The cover to Un Nuevo Sol: British Latinx WritersLondon. Flipped Eye. 2019. 188 pages.

THE IDIOSYNCRASY OF my own origin story made me particularly fascinated by Un Nuevo Sol, a collection of works by British Latinx writers from Flipped Eye Publishing, the London-based nonprofit press that has gained fame in recent years for publishing, among others, the work of Warsan Shire. I was born in small-town Oklahoma, USA, to British parents; I grew up speaking with an English accent (I used to wonder how, but now it occurs to me, why would you lose an accent that helps rather than hurts?); and as a teenager I started learning Spanish from classmates: children of other immigrants whose difference was often denigrated rather than appreciated. I am by no means Latinx and only tangentially British, but as a first-generation Oklahoman with a British passport who lives a measure of his life in Spanish, I was happy to hear about Un Nuevo Sol and even happier to read it.

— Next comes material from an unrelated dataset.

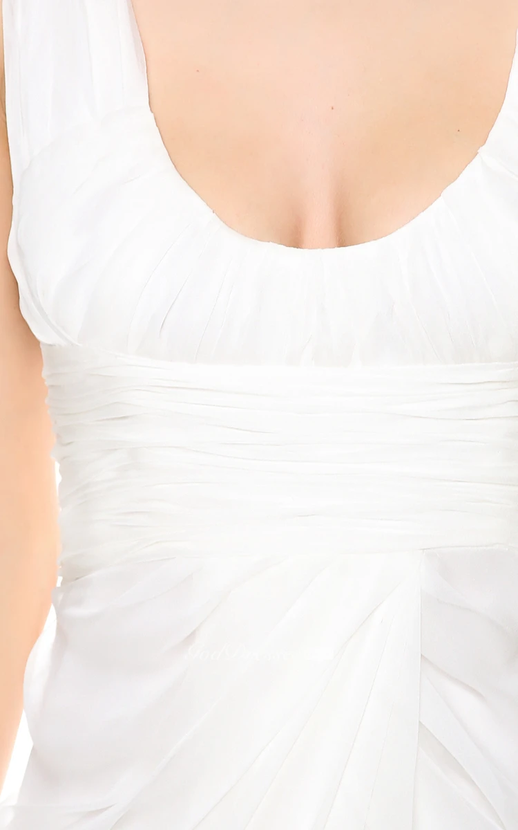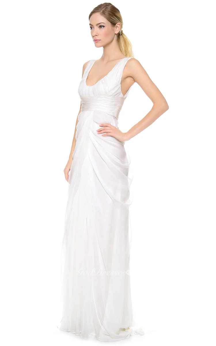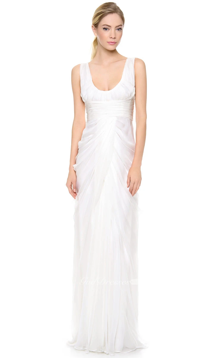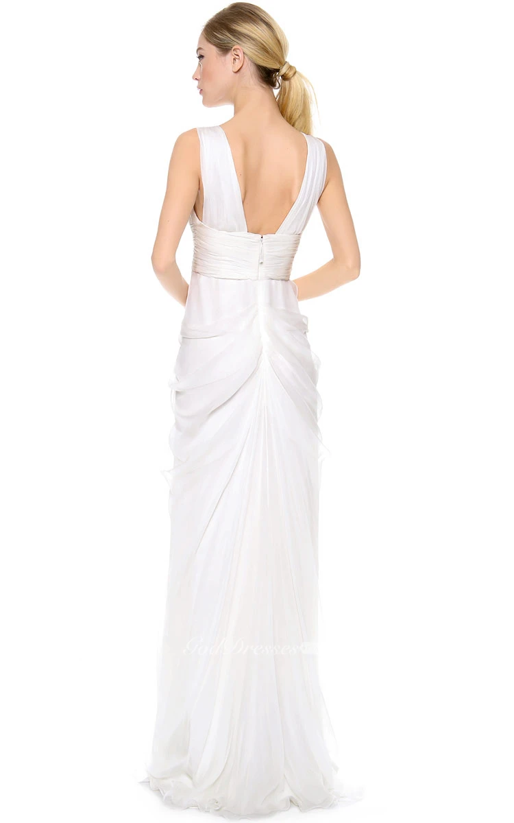 Long Deep-V Neckline Empire Taffeta Dress With Low-V Back Style

This collection is built around the shared community of its authors: a community that, as editor Nathalie Teitler points out, now represents the fastest-growing population in London. It demonstrates the diverse ways in which British Latinx writers approach their origins, evince them on paper, and sometimes come to terms with identity crises unseen anywhere but in their own work. In poetry, Leo Boix links the mud of Quilmes, Argentina, to the mud of “mown English lawns”; Juana Adcock erases the seams between formal English verse and Mexican slang; Katherine Lockton reveals the truth, perhaps surprising to US readers, that mamá can be translated as not only “mom” but also “mum”; Patrizia Longhitano uses “priggishness,” that most British of nouns, to name the casual xenophobia of “two ladies at the bus stop”; Maia Elsner retranslates Neruda and then tells us why she couldn’t let the old translation stand through her own verse.

Prose writers also shine through in Un Nuevo Sol. Karina Lickorish Quinn presents the tale—worthy of Julio Ramón Ribeyro, and appropriately set in Miraflores, Peru—of a xenophobic gringo who seals himself off from the outside world of his adopted country until he quite literally rots. Her fiction stands out in the book as an incisive illustration of the difference between expat and immigrant. Armando Celayo, in an excerpt from his novel Downward Is Heavenward, tells a story with an Oklahoma connection, revealing how the best-laid plans of immigrant families sometimes go awry and how these dark detours sometimes lead to unexpectedly bright destinations. In both verse and prose, all the included writers show off intensely personal styles and subjects, united by particular geographies but disparate in their concerns, their genres, and their lived experiences.

It is important, I think, that Un Nuevo Sol is subtitled “British Latinx Writers” rather than “British Latinx Writing.” This collection places its focus on the people behind the words, not just the words themselves, including detailed bios of every participant along with an interesting interview of featured playwright Gaël Le Cornec. The creator-centered approach adopted by editors Nathalie Teitler and Nii Ayikwei Parkes, and by Flipped Eye in general, shows a conscious commitment to helping literary artists advance in their careers—a commitment that is necessary if underrepresented writers are to continue living from their work. In this practical sense, Un Nuevo Sol is a collection that seeks to do right by its writers as well as its readers.

Nathalie Teitler writes in her introduction, “To be British Latinx is to live the experience of constantly translating yourself on all levels; to be accustomed to people addressing a version of you that bears little resemblance to your actual identity. It is to know what it means to be both present and invisible.” Throughout this collection, writers from a wide range of backgrounds and experiences put this self-translation into practice, this time not to fit in but to reveal their true identities. They present the invisible parts of themselves in their own unpredictable, heterogeneous, unapologetic ways, making language their own. Un Nuevo Sol is a powerful reminder of a long-standing presence that has much to say if others listen. And, in a Britain increasingly wracked by its own identity crises, I hope it is also a sign of things to come.